111(a) is also an ``applicant delay'' and will result in a reduction of
any positive PTA accrued by the applicant. See 37 CFR 1.704(c)(13).
However, if an ``applicant delay'' occurs under both these provisions
on the same calendar day, the applicant will be assessed only one day
of applicant delay (i.e., no overlapping reduction). It should be
noted, however, that this proposed Track Three Pilot Program would not
be considered a suspension of action under 37 CFR 1.103 at the
applicant's request, and thus applicant delay would not be assessed
under 37 CFR 1.704(c)(1). No change to the current regulations
(including the PTA regulations) is contemplated to implement the
proposed Track Three Pilot Program.
The optional pre-examination search report contemplated by the
USPTO is not an action under 35 U.S.C. 132, and no reply to the pre-
examination search report itself is necessary to avoid abandonment.

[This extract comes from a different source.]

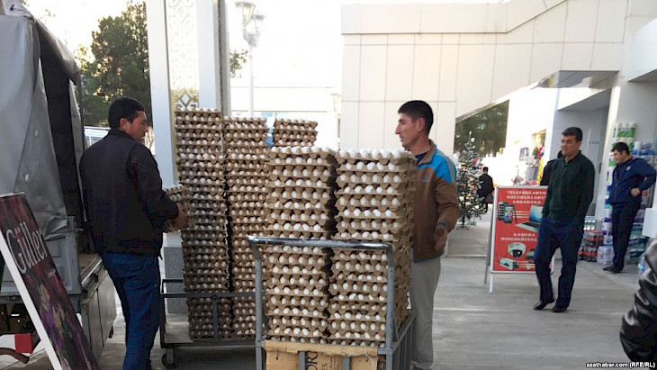 Былтыр декабрдын ортосунда Түркмөнстанда тоок жумурткасынын баасы жогорулаган. Бир жуманын ичинде эле борбордогу базарларда жумуртка орточо 80-100 пайызга кымбаттап кеткен.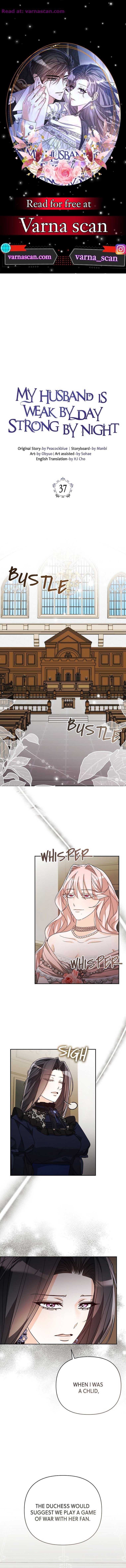 Read the latest manga My Husband is Weak by Day, Strong by Night Chapter 37 at Mangagojo.com . Manga My Husband is Weak by Day Strong by Night is always updated at Mangagojo.com . Dont forget to read the other manga updates. A list of manga collections Mangagojo.com is in the Manga List menu.

Thus, the pre-examination search report will not toll the 14-month time
period under 35 U.S.C. 154(b)(1)(A)(i), and therefore, positive PTA
will accrue after expiration of the 14-month time period under 35
U.S.C. 154(b)(1)(A)(i) until an action under 35 U.S.C. 132 or 151 is
mailed. However, any positive PTA accrued by the applicant will be
reduced by the period of time in excess of three months taken to reply
to the Notice to File Missing Parts, as well as the period of time in
excess of eight months taken to place the application in condition for
examination as defined in 37 CFR 1.704(f), except that the applicant
will be assessed only one day of applicant delay if both of these
delays occur on the same calendar day.
IV. Questions for Public Comment
The USPTO welcomes any comments from the public on the proposed
program discussed in this notice. Commenters are also welcome to
respond to any or all of the following questions:
1. Should the USPTO implement the proposed Track Three Pilot
Program? Why or why not?
2. If the USPTO implements the proposed Track Three Pilot Program,
do you or members of your organization believe that the public would
use it for eligible applications?
3. If the proposed Track Three Pilot Program is used, to what
extent do you or members of your organization believe the public would
use the ``plus'' option?
4. If the proposed ``plus'' option in the Track Three Pilot Program
is used, what information would you or members of your organization
like to see in the pre-examination search report? For example, options
may include a simple list of relevant references, a list of relevant
references with a short explanation of why they are relevant, a PCT-
style search report that identifies how references are pertinent to
specific claims, or something different.
5. Would the proposed ``plus'' option in the Track Three Pilot
Program be used if the search is performed by a USPTO artificial
intelligence search tool(s) only? For example, the search report may
include a list of references generated by the artificial intelligence
tool(s) or may include relevant references identified by a patent
examiner from the artificial intelligence search results along with
some level of context ranging from a short explanation to a full PCT-
style report.
6. Are there any conditions of the proposed Track Three Pilot
Program that should be modified? For example, is the 30-month time
period sufficient to determine whether to proceed with prosecution of
the application?
7. Do the current practices discussed in this notice (i.e.,
deferred examination under 37 CFR 1.103(d), the missing parts practice,
or PCT practice) provide sufficient additional time to determine
whether to pay the fees and/or proceed with prosecution of the
application?
8. If an applicant participating in the proposed Track Three Pilot
Program becomes aware that the application is no longer entitled to
micro entity status, how should that discovery impact the status of the
application in the proposed Track Three Pilot Program?
For example, should the applicant be required to promptly pay the
remaining fees and thereby complete the application so it can be
forwarded for examination?
Katherine K. Vidal,
Under Secretary of Commerce for Intellectual Property and Director of
the United States Patent and Trademark Office.